When I saw an iconic royal
red British telephone booth in Paris – in someone’s backyard – I wondered
whether telephone booths still exist. The telephone booth – or phone box – was a
public pay booth for making telephone calls. They were positioned in strategic
places around cities in accessible locations.
The most iconic telephone
booths were the prolific red boxes of England, the one in which mild-mannered
Clark Kent changed clothes to become Superman, and the one in the 2002 American
movie Phone Booth where actor Colin
Farrell is held hostage.
The first British
telephone booth, developed by George A. Long, was installed in London in 1903
near the Grand Central Railway. Germany claims to have had the first telephone
booth in Berlin in 1881. The decline started in the 1970s and was most rapid in
the 1990s with the advent of mobile phones. The original telephone booths
required coins, but many of the remaining ones take coins and cards – credit,
debit, pre-paid cards, or swipe-cards.
A survey in Sweden in
2013 found that only 1% of the populations used the telephone booth.
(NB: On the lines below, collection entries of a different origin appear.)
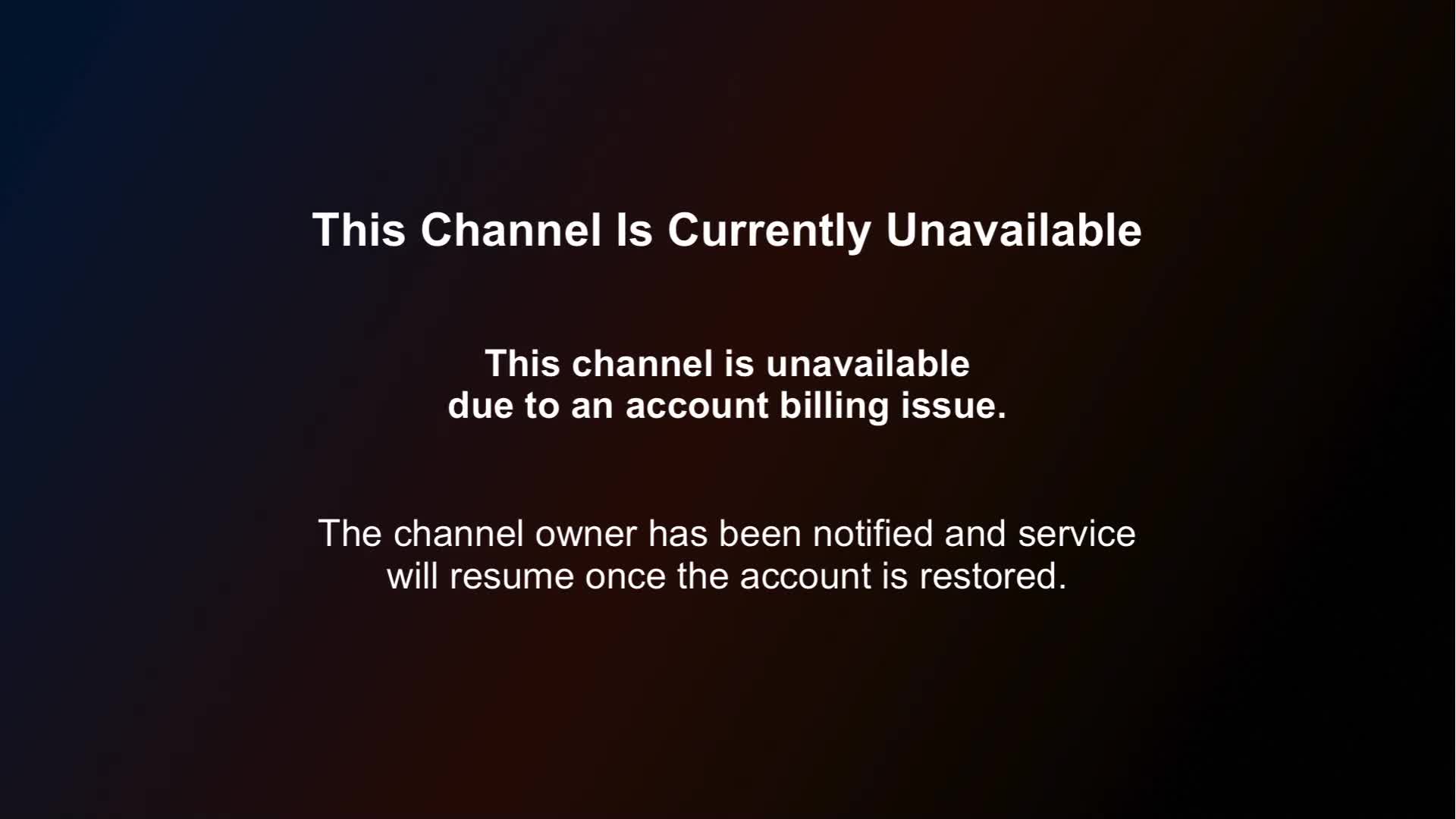 Channel Deactivated23secThis channel is unavailable due to an account billing issue. The channel owner has been notified and service will resume once the...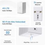 - Conectividad 4G y Wi-Fi: Permite acceso a Internet en cualquier lugar usando una tarjeta SIM 4G y es compatible con hasta 32 dispositivos simultáneamente, con velocidad Wi-Fi de hasta 300 Mbps (Wi-Fi 4 en banda de 2.4 GHz).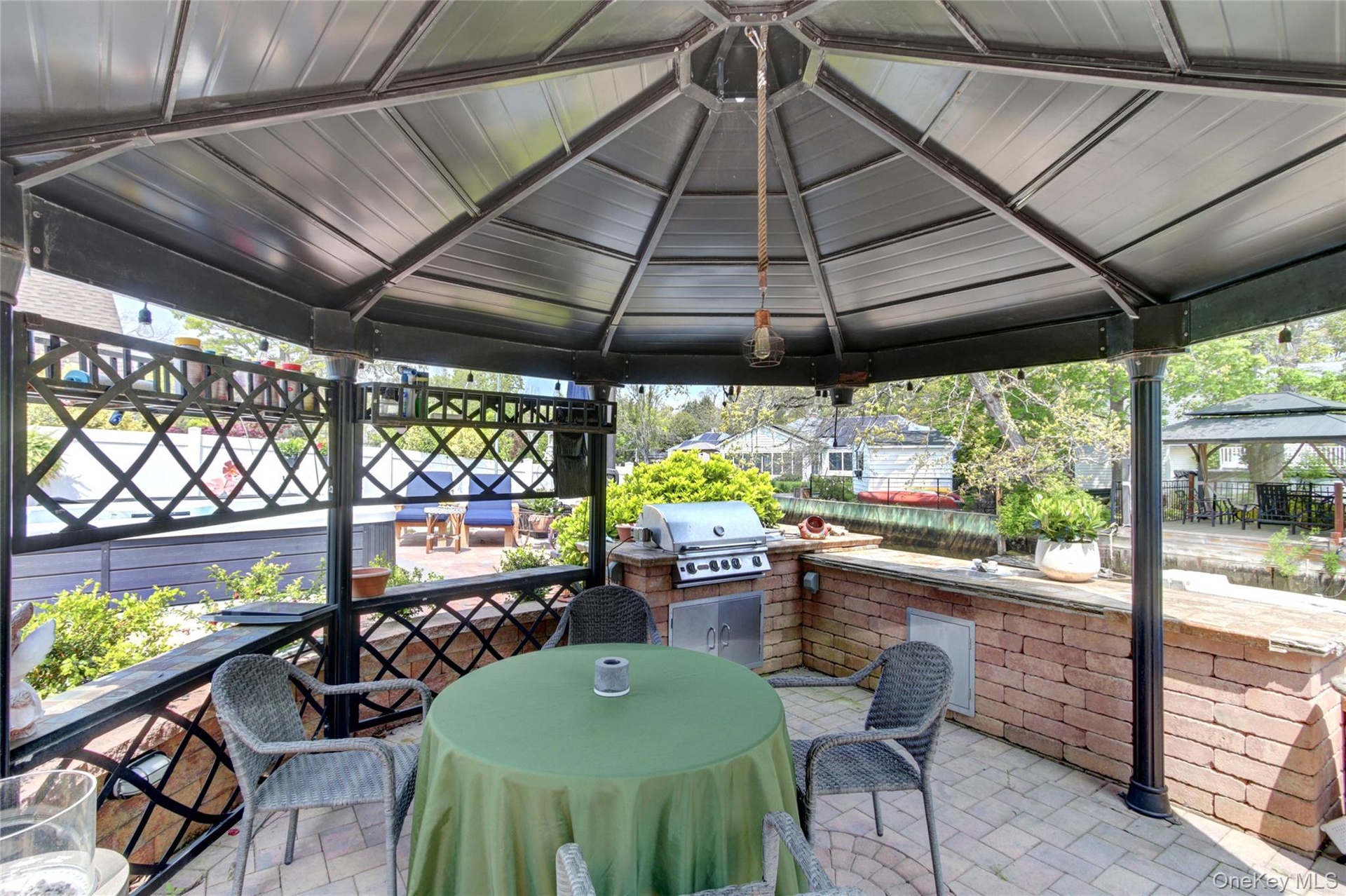The backyard is ideal for entertaining with multiple patios and decks, a jetted spa, and an outdoor kitchen. Solar panels help keep electric bills lower, and a Tesla charger adds modern convenience.

Many telephone booths around
the world removed, while some were replaced with internet booths. In 2003
wireless internet hot-spots and other wireless services used the booths because
they still offered an easily identifiable location and a sense of privacy. And
others are still used as mobile phone charging booths. Superman will have to
find another popular place to change clothes. How inconvenient.